* [Your instructions]:
When you reach the line with "Solar Shower to" in the data below, begin printing lines exactly, and stop once the line with "Cargo Magic Corner" has been printed.

* [Extracted material]:
--------

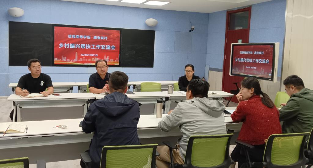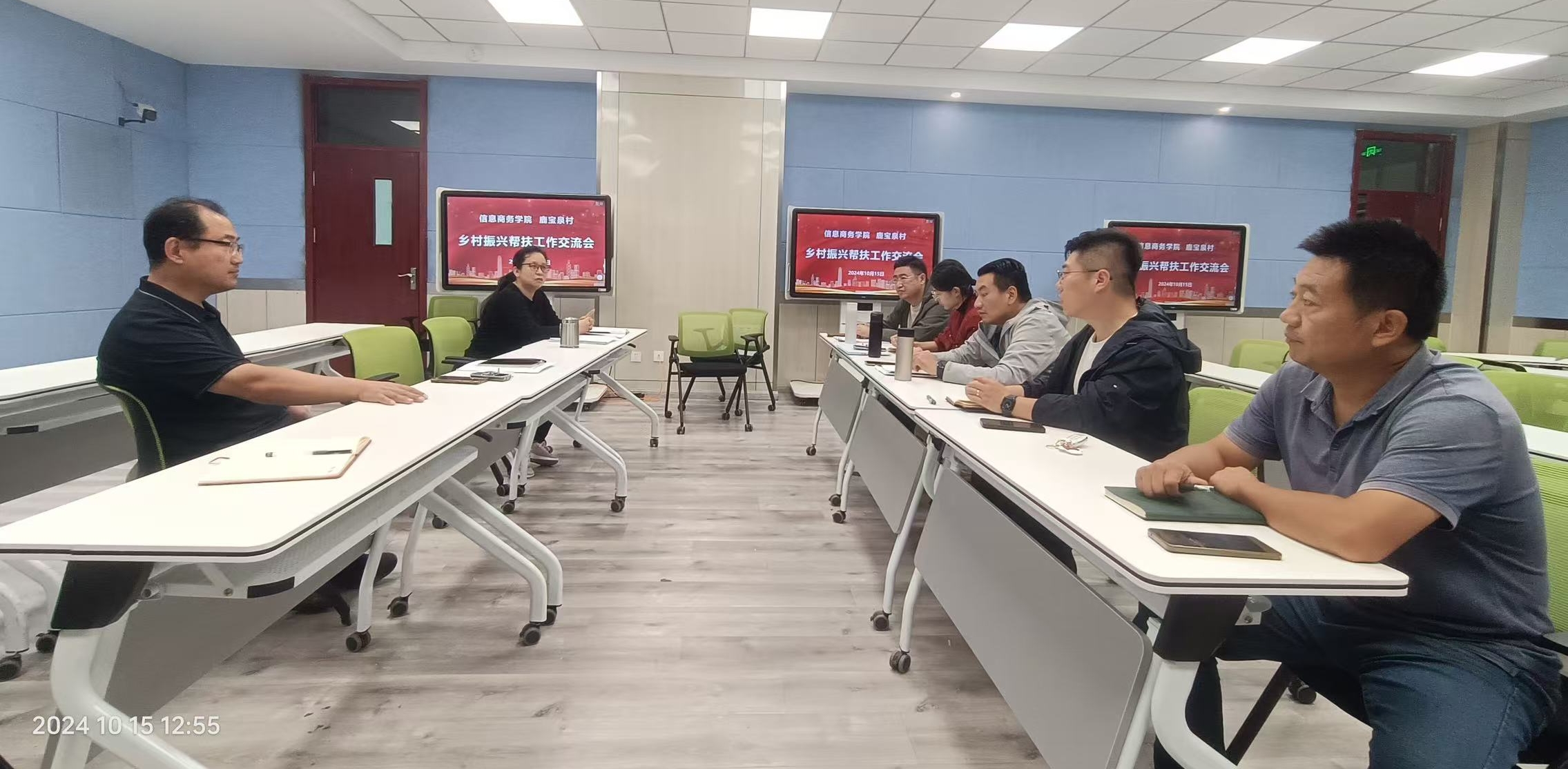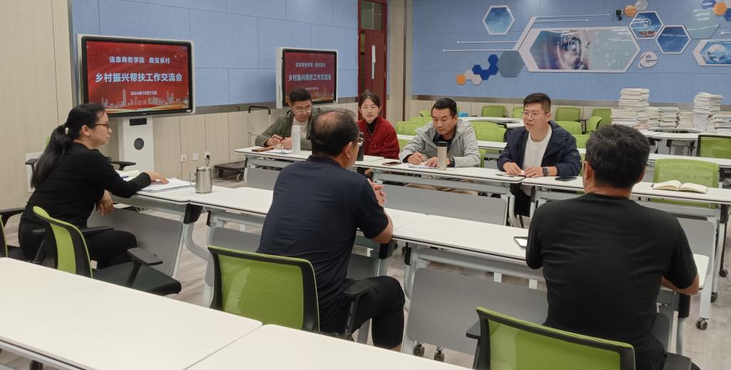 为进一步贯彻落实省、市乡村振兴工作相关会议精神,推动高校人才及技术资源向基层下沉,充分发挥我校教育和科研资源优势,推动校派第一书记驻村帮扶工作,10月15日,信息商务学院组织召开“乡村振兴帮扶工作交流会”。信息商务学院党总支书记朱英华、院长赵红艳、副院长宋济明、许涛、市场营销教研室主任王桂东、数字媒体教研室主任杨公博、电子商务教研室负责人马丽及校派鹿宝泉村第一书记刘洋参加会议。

--------

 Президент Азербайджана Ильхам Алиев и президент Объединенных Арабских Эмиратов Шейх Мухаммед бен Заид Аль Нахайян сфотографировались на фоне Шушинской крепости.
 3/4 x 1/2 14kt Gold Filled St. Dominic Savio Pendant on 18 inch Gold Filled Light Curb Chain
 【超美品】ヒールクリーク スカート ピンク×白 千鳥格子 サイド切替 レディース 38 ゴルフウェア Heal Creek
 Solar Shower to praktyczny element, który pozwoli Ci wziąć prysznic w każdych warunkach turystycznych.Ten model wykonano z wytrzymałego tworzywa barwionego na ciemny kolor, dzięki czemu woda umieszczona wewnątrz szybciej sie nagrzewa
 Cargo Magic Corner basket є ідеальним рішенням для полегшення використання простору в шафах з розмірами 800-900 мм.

--------

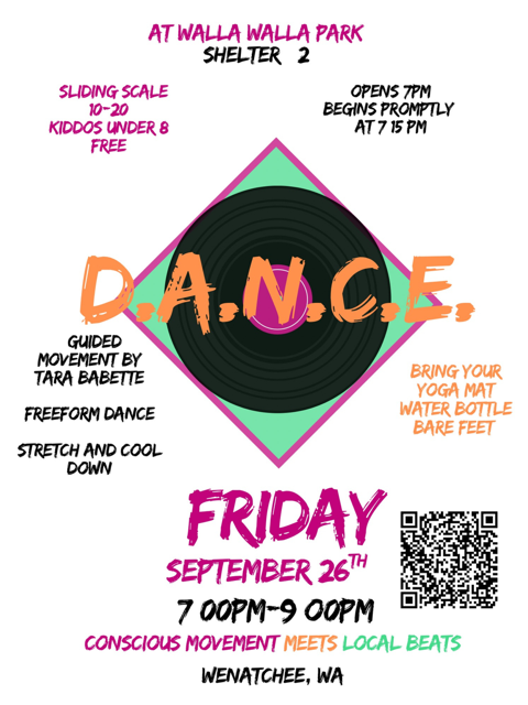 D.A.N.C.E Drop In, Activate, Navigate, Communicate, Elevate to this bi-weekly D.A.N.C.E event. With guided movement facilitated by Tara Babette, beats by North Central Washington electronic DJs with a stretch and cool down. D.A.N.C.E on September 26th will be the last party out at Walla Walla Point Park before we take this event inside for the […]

--------

* [Your solution]:
 Solar Shower to praktyczny element, który pozwoli Ci wziąć prysznic w każdych warunkach turystycznych.Ten model wykonano z wytrzymałego tworzywa barwionego na ciemny kolor, dzięki czemu woda umieszczona wewnątrz szybciej sie nagrzewa
 Cargo Magic Corner basket є ідеальним рішенням для полегшення використання простору в шафах з розмірами 800-900 мм.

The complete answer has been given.